Work required
Go through the following data and transcribe exactly the stretch of lines from the one holding "Наиболее сохранившаяся часть" to the one holding "Billets-gagnants 1-500 (couleurs assorties)", both included.

**********

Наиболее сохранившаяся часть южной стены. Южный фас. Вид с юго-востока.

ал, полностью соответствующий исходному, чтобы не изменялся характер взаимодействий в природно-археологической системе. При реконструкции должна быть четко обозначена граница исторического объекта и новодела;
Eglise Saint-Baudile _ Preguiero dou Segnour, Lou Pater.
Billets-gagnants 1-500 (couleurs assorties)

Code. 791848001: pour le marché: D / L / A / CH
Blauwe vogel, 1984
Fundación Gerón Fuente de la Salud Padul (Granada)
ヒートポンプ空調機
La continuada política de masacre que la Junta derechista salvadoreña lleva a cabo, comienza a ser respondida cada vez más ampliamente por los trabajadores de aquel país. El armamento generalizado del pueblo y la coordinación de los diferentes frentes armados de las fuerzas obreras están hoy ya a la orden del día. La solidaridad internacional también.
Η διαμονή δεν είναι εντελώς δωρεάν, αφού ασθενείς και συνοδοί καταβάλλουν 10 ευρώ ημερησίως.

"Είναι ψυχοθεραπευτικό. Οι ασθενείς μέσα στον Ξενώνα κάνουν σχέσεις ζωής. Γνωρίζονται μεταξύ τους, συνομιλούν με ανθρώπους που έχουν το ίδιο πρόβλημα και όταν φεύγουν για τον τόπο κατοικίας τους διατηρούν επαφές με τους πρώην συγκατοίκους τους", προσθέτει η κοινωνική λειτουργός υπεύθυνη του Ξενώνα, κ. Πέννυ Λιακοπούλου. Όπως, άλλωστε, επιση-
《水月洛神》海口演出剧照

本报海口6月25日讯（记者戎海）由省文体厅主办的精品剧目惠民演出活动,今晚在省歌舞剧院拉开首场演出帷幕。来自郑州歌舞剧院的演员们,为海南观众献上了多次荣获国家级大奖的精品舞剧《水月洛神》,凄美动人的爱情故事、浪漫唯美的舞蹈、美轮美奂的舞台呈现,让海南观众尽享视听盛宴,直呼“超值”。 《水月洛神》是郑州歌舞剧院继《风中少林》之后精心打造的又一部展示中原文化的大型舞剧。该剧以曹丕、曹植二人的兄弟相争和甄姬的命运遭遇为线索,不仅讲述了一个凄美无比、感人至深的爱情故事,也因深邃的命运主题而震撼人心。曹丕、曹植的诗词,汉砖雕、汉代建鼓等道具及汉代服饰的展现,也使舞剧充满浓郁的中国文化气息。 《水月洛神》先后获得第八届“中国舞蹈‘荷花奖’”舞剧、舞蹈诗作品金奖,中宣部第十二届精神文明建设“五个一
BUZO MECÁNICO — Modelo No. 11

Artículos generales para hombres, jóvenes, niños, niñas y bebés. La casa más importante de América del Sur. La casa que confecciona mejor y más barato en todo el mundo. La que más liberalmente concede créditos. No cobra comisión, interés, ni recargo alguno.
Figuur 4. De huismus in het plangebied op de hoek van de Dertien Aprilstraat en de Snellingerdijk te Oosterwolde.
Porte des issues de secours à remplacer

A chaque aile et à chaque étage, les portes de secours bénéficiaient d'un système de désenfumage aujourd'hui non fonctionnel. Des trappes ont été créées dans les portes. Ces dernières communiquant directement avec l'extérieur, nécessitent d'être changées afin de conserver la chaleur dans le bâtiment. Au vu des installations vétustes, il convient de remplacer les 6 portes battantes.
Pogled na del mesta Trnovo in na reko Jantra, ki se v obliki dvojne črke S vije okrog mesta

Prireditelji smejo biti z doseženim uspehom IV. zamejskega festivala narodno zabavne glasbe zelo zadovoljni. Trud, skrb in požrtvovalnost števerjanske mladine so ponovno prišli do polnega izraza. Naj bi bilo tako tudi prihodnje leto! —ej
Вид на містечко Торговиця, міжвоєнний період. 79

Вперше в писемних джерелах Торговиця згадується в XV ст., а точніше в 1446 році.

**********

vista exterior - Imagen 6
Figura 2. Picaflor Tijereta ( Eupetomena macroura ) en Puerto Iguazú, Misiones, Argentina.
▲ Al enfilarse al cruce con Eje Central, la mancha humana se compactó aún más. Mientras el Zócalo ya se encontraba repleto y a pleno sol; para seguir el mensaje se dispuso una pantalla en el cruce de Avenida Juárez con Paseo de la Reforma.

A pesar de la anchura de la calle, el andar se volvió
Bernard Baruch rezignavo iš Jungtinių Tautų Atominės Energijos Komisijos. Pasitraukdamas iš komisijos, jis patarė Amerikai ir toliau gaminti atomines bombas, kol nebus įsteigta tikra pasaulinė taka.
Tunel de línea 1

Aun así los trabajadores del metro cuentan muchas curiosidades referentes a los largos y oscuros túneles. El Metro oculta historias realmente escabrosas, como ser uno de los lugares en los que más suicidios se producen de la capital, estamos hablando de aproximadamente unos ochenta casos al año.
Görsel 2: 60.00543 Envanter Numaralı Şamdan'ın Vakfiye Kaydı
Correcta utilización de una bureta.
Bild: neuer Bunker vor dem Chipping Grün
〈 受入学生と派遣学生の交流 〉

**********

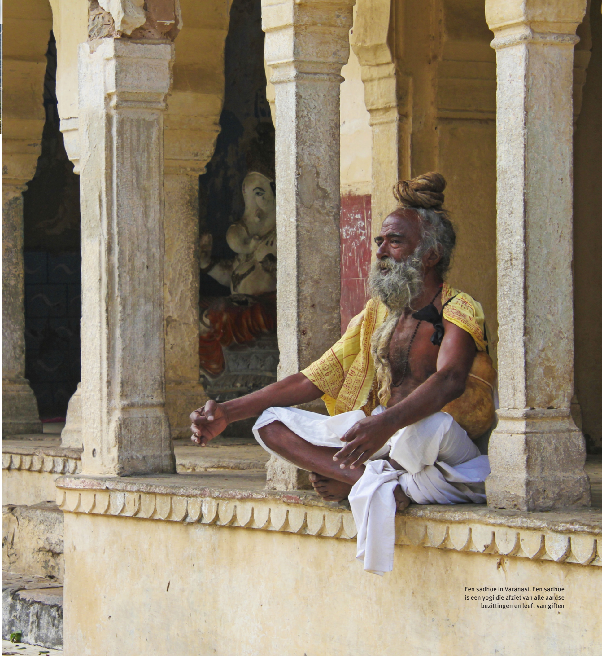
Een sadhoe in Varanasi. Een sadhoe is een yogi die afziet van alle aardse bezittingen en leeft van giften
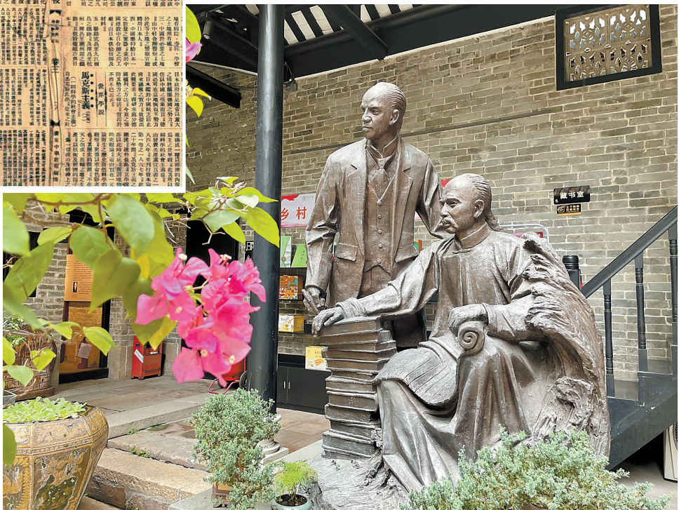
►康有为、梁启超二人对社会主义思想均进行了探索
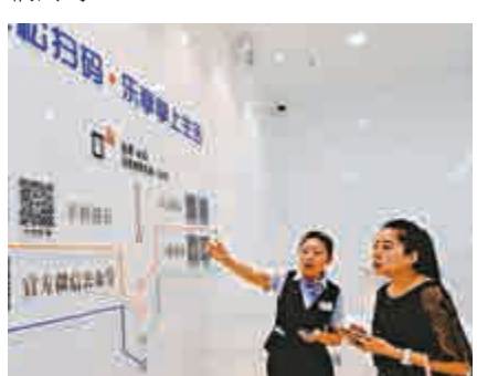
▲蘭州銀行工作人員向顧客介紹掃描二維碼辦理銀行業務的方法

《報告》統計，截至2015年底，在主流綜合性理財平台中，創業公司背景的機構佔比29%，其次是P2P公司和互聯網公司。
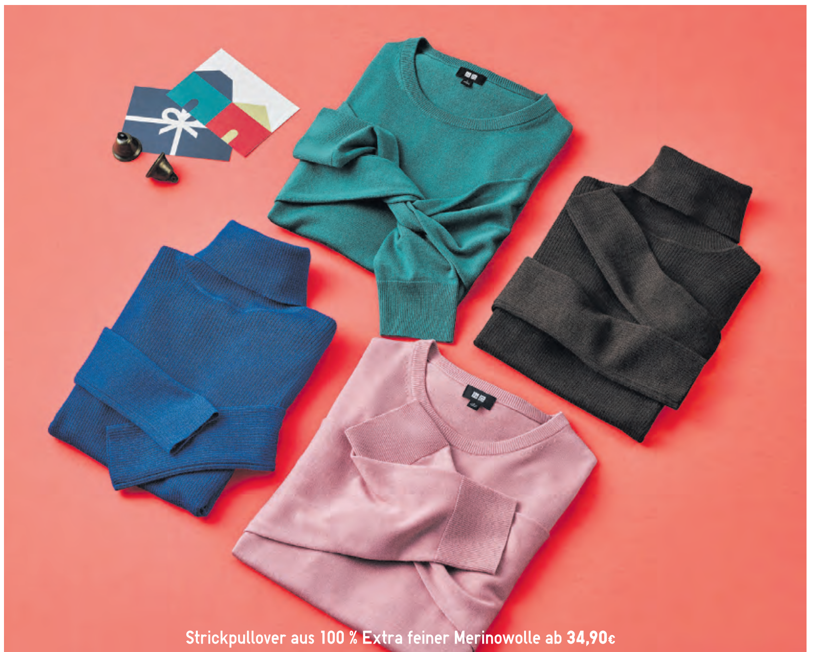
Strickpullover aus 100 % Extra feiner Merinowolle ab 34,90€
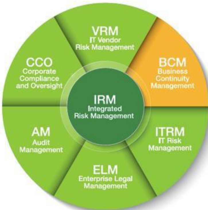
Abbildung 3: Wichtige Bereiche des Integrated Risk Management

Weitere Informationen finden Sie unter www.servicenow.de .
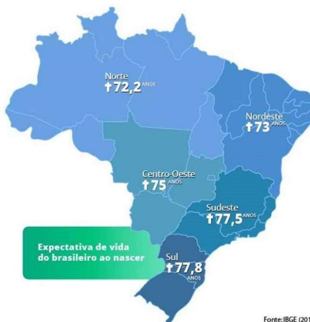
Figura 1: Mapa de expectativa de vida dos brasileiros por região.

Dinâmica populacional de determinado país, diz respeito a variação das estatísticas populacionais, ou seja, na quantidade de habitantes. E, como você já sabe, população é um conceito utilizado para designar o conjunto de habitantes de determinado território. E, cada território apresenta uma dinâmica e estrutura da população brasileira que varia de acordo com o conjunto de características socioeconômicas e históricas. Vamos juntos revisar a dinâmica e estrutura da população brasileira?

**********

Result of the exercise
Наиболее сохранившаяся часть южной стены. Южный фас. Вид с юго-востока.

ал, полностью соответствующий исходному, чтобы не изменялся характер взаимодействий в природно-археологической системе. При реконструкции должна быть четко обозначена граница исторического объекта и новодела;
Eglise Saint-Baudile _ Preguiero dou Segnour, Lou Pater.
Billets-gagnants 1-500 (couleurs assorties)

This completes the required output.